Yes, that's the only point of direct JDBC integration in the project.

For the Hadoop-based bits, and that's most of Mahout, the question is
really, does Hadoop integrate with JDBC? Since the code is really a bunch
of Hadoop jobs, and not tied directly to a data store.

A relational database is not a common data source for Hadoop. Not that it
couldn't be, it's just that Hadoop operates by sequentially accessing
petabytes of potentially unstructured data. A relational database would be
expensive overkill for just storing huge blobs.

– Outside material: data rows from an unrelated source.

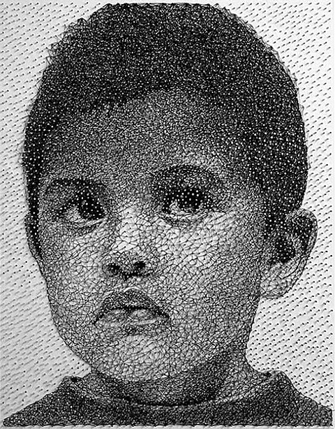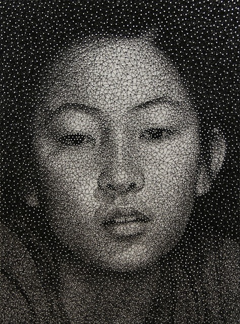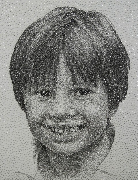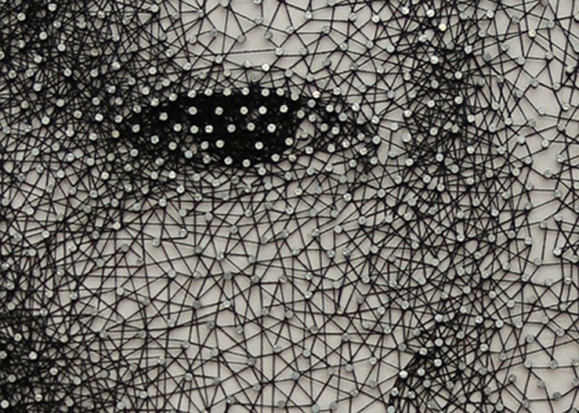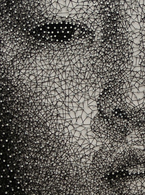 จ้องดีๆ ภาพวาด จากเส้นด้ายเพียงเส้นเดียว ศิลปินชาวญี่ปุ่นที่ทำงานอยู่ในนิวยอร์ค ได้รังสรรค์ภาพสุดพิเศษด้วยการพันได้รอบตะปูนับร้อยพันที่ตอกบนกระดาน ด้วยด้ายสีดำเพียง 1 เส้นเท่านั้น ย้ำ!! ว่าเพียงแค่เส้นเดียว จนเกิดภาพใบหน้าคนขึ้นมา ราวกับใช้ดินสอ EE สเก๊ตซะอย่างนั้น หากลองมองจ้องที่ภาพใกล้ๆ จะเห็นได้ว่า ส่วนประกอบต่างๆของภาพแม้แต่รายละเอียดเล็กๆน้อยๆนั้นล้วนใช้ด้ายพันทั้งสิ้น รวมถึงเส้นผม คิ้ว และ ตาดำ
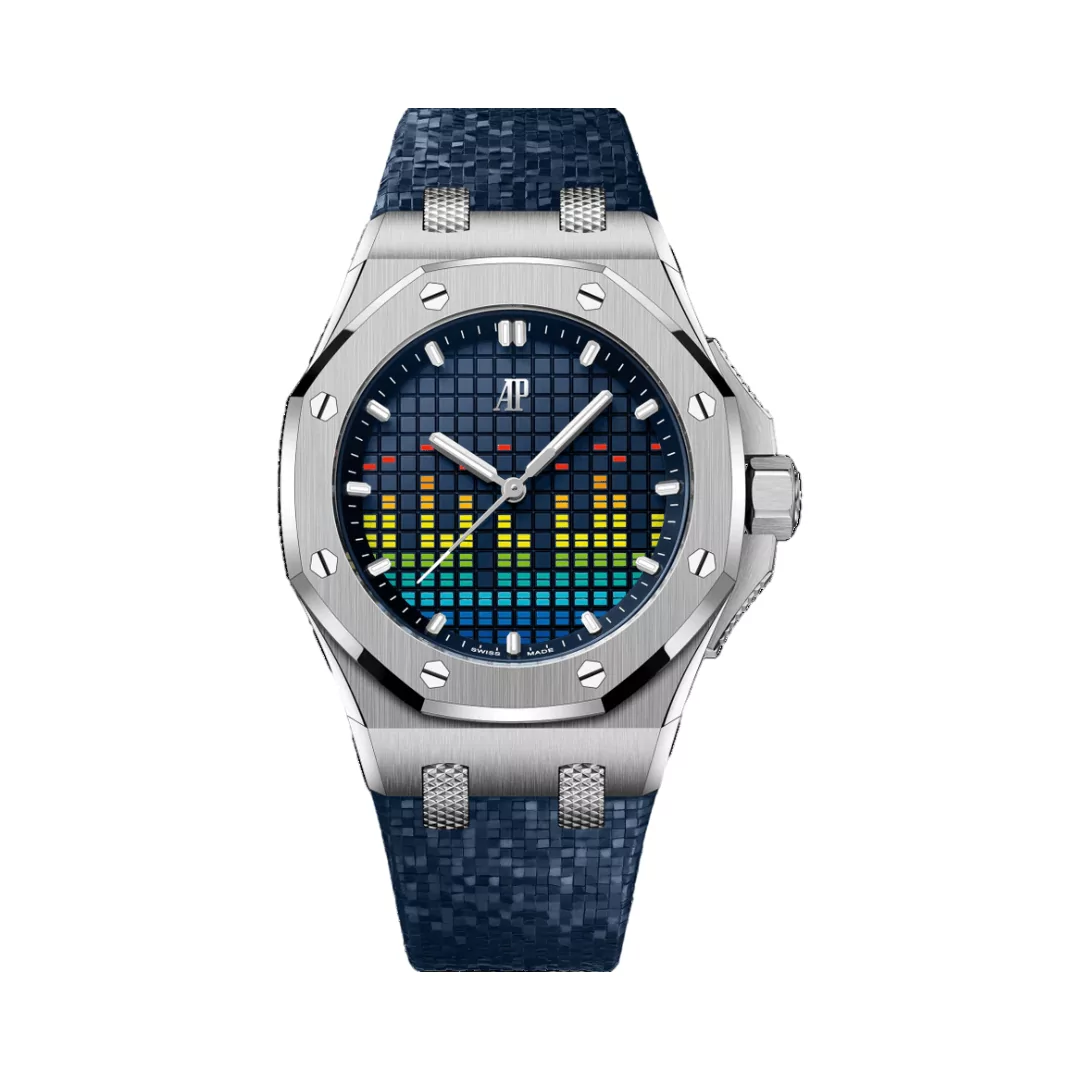 This unique timepiece embodies Audemars Piguet’s commitment to innovation and craftsmanship. The dial mirrors a VU meter, displaying time in a way that echoes the rhythm of music. To carry the theme further, the watch features push-piece guards that resemble mixer faders, adding an edgy touch to the watch’s appearance. The brilliant blue color of the dial gives this watch a touch of charm, ensuring it stands out in any collection.
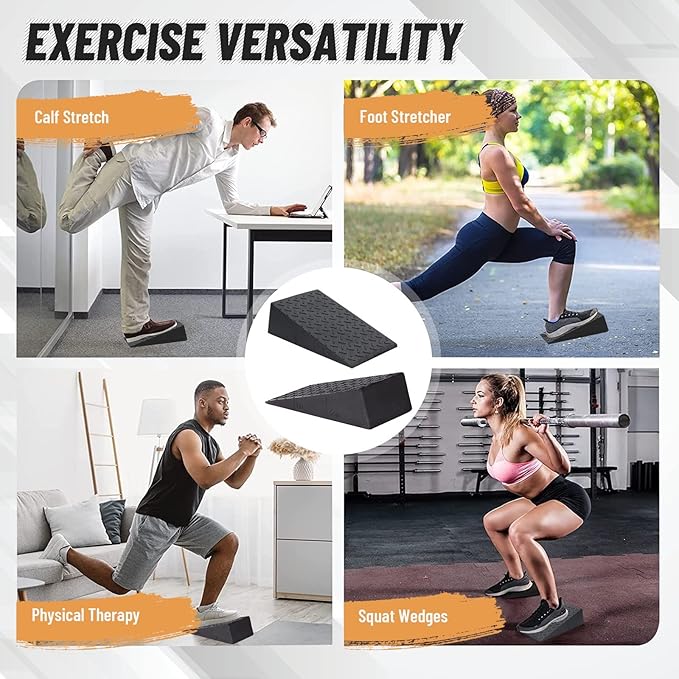 - Squat Wedge Boost Strength Performance - The slant board for squats can improve the poor mobility of your ankles, knees, and buttocks by raising your heel during stretching, allowing you to maintain the correct movement posture. Moreover, under the action of the squat wedge for heel elevated squat, you can release pressure from your lower back, knees, buttocks, and ankles while squatting, enhancing your core strength and reducing the chance of injury.
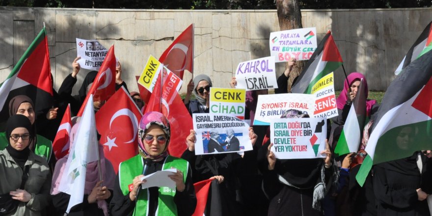 Yozgat Genç İHH İnsani Yardım Vakfı Hanımlar Birimi ve Kadın Kolları tarafından yapılan açıklamada, “Bizler vicdan sahibi Sivil Toplum Örgütlerinin Kadın Temsilcileri ve anneler olarak İsrail’in Gazze Şeridi’nde 15 gündür sürdürdüğü katliama ‘DUR!’ demek için buradayız. Bizimle aynı duyguları paylaşan herkesi İşgalci İsrail’in Gazze Şeridi’ne yönelik saldırılarını bir an önce durdurması için harekete geçmeye davet ediyoruz. Apartheid rejimi, yaklaşık yüz yıldır Filistinlilerin topraklarını işgal ederek defalarca katliam gerçekleştirdi. İki milyondan fazla insanın yaşadığı Gazze Şeridi’ne ise 17 yıldır abluka uygulayarak bölgeyi adeta bir toplama kampına çevirdi. Gazze Şeridi’ne yönelik yıllardır süren bombalı saldırılarda sahilde piknik yapan aileleri, sokakta oyun oynayan çocukları, hastanelerde tedavi bekleyen hastaları, ibadethaneleri, insanın en güvenli sığınağı olan evlerinde aileleri, en çok da kadın ve çocukları hedef aldı. Ve maalesef Gazze’de hiçbir yer güvenli değil. Gazze’de devam eden saldırılarda okullar, camiler, hastaneler vurularak dünyanın gözü önünde savaş suçu işleniyor. İşgalci İsrail Yönetimi askerlerine yargılanmayacaklarının güvencesini vererek bunun yolunu açtı ve tam 15 gündür bütün uluslararası hukuk kurallarını ve insanlığı ayaklar altına aldı. Bu sürecin son halkası olarak Gazze Şeridi’nde gerçekleştirdiği katliamlarda yine yüzlerce kadın ve çocuk işgalcilerin açık hedefi oldu. 17 Ekim Salı gecesi İsrail’in El-Ehli Baptist Hastanesi’ni bombalaması sonucu büyük çoğunluğu çocuk ve kadınlardan oluşan 500’den fazla insan katledildi. İşgalci İsrail, daha güvenli olduğunu düşündükleri için sığındıkları hastanenin bahçesinde oyun oynayan, yemek yiyen ve savaş ortamında yaşama tutunmaya çalışan masum çocuk ve kadınları vahşice katletti. Anneler ve babalar çocuklarının paramparça olan cesetlerini toplayıp poşetlere koyarak defnetmek zorunda kaldı. Filistin’den her geçen dakika acı haberler alıyoruz. Şu ana kadar işgalci İsrail’in Gazze Şeridi’ne gerçekleştirdiği saldırılarda binden fazlası çocuk olmak üzere 4 binden fazla kişi öldürüldü. Gazze Sağlık Bakanlığı, işgalci İsrail saldırılarında ölenlerin yüzde 70'inin kadın, çocuk ve yaşlılardan oluştuğunu ve bombalanan bina enkazında kalan bin 300 kişiden haber alınamadığını, bunlardan 600'ünün yine çocuklardan oluştuğunu açıkladı. Tablo çok acı. İşgalci İsrail her 15 dakikada bir, üç çocuk katlederek Gazze Şeridi’nde, dünyanın gözü önünde soykırım uyguluyor. Bizler vicdan sahibi kadınlar ve anneler olarak, dünya liderlerini, uluslararası sivil toplum kuruluşlarını, Birleşmiş Milletler’i, Avrupa İnsan Hakları Mahkemesi’ni, Uluslararası Ceza Mahkemesi’ni, İslam İşbirliği Teşkilatı’nı, Arap Birliği’ni, siyasi aktörleri ve kamuoyunu işgalci İsrail’in Gazze Şeridi’ne uyguladığı soykırımı durdurması için harekete geçmeye ve işgalci İsrail’e yaptırım uygulamaya davet ediyoruz. Biz, Filistinli kadın ve çocukların yanında olduğumuzu göstermek adına şu andan itibaren saat 16.00’a kadar bu alanda sessiz bir oturma eylemi başlattığımızı kamuoyuna duyuruyoruz. Vicdan sahibi herkesi Filistinli kadın ve çocuklara destek vermeye ve onlara sahip çıkmaya davet ediyoruz” ifadelerine yer verildi.
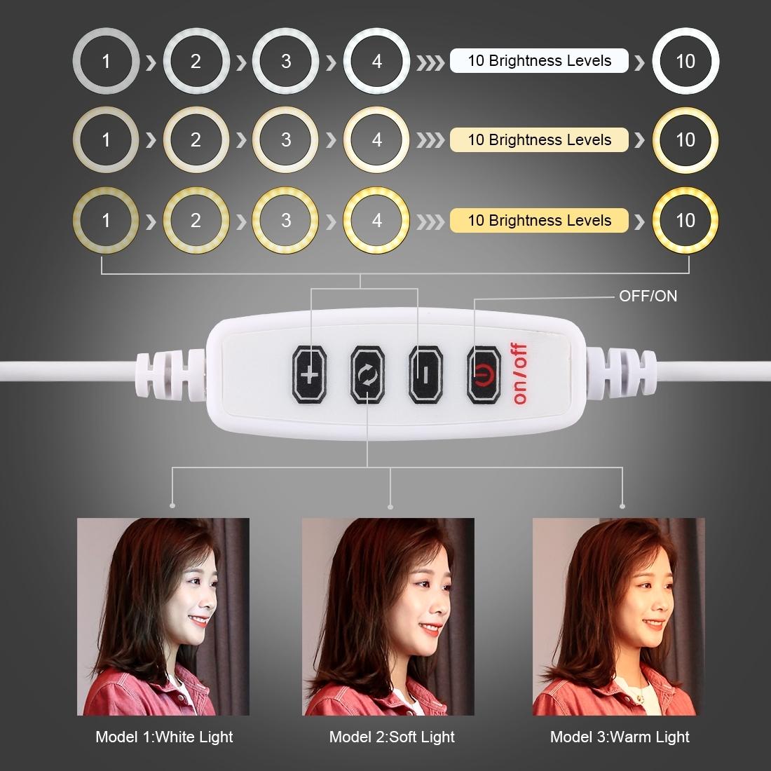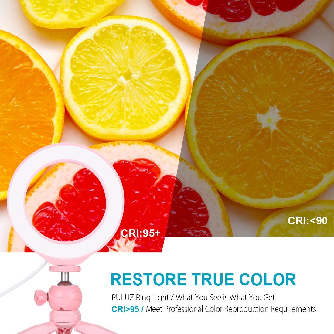 6.2 Led Ring Light with Usb 3 Modes Dimmable Cold Shoe Tripod Mount - Pink
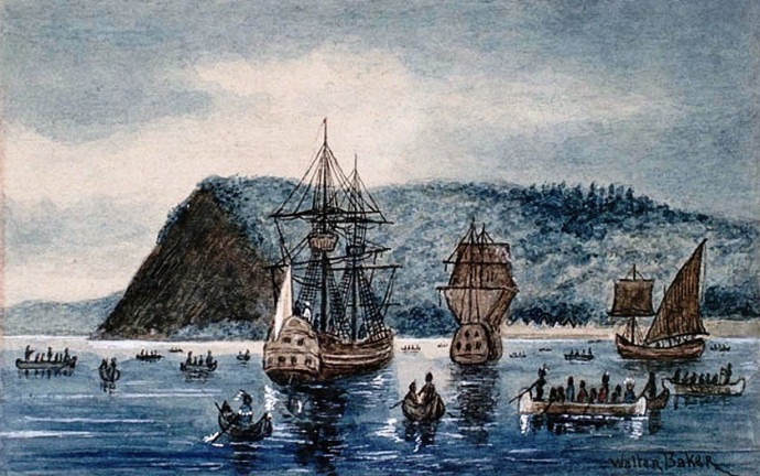 Source : Walter Baker, L'arrivée de Jacques Cartier à Stadaconé, 1535 (entre 1890 et 1912), Bibliothèque et Archives Canada, MIKAN 2896469. Licence : domaine public.
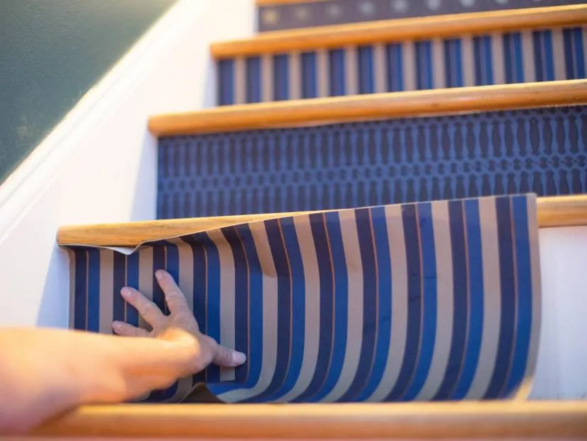 Фантазия не должна ограничиваться рамками стен и потолка. При желании обойными обрезками можно декорировать любые поверхности, в том числе и подступенки лестницы. Идея полезна для владельцев двухэтажных загородных домов – она поможет утилизировать неформатные обрезки, которые невозможно использовать другим способом. Чтобы декор не износился слишком быстро, предпочтение отдают самым толстым и прочным шпалерам: флизелиновым или виниловым.

I would not be surprised if you can find an InputFormat implementation for
Hadoop that reads from JDBC.

Breaking news: I found DBInputFormat in Hadoop!
http://hadoop.apache.org/common/docs/current/api/org/apache/hadoop/mapred/lib/db/DBInputFormat.html

So, the high-level answer is that you would tweak the Mahout implementation
to use DBInputFormat if you wanted to read stuff out of a database.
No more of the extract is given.